(Task statement)
Repeat all of the data word for word so that only the pictures are missing from the copy.

(Exercise data)
-- Opening Marker --
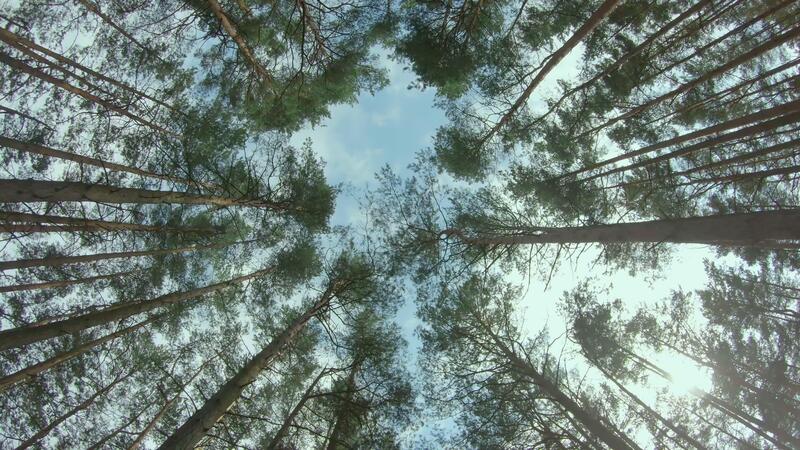 Low Angle View of a Pine Forest when Looking Up to the Trees. Bottom View of Pine Crowns at Sunny Summer Day. The Sky Can Be Seen Through the Tops of the Trees. Backward Gimbal Stabilizer Movement Pro Video
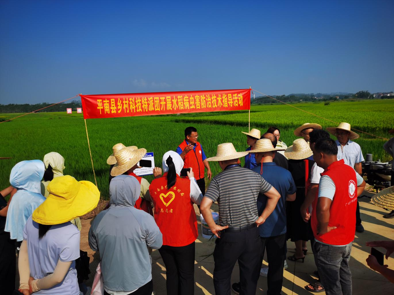 (貴港市平南縣鄉(xiāng)村科技特派團(tuán)開(kāi)展水稻病蟲(chóng)害防治技術(shù)指導(dǎo)活動(dòng)現(xiàn)場(chǎng) 通訊員林益群供圖)
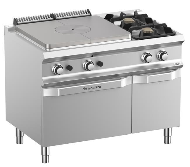 Kuchnia gazowa 2 - palnikowa z dużą płytą grzewczą, piekarnikiem gazowym i szafką DominaPro 700 | Hendi TPG711FG2XL
-- Closing Marker --
(Answer space)
 Low Angle View of a Pine Forest when Looking Up to the Trees. Bottom View of Pine Crowns at Sunny Summer Day. The Sky Can Be Seen Through the Tops of the Trees. Backward Gimbal Stabilizer Movement Pro Video
 (貴港市平南縣鄉(xiāng)村科技特派團(tuán)開(kāi)展水稻病蟲(chóng)害防治技術(shù)指導(dǎo)活動(dòng)現(xiàn)場(chǎng) 通訊員林益群供圖)
 Kuchnia gazowa 2 - palnikowa z dużą płytą grzewczą, piekarnikiem gazowym i szafką DominaPro 700 | Hendi TPG711FG2XL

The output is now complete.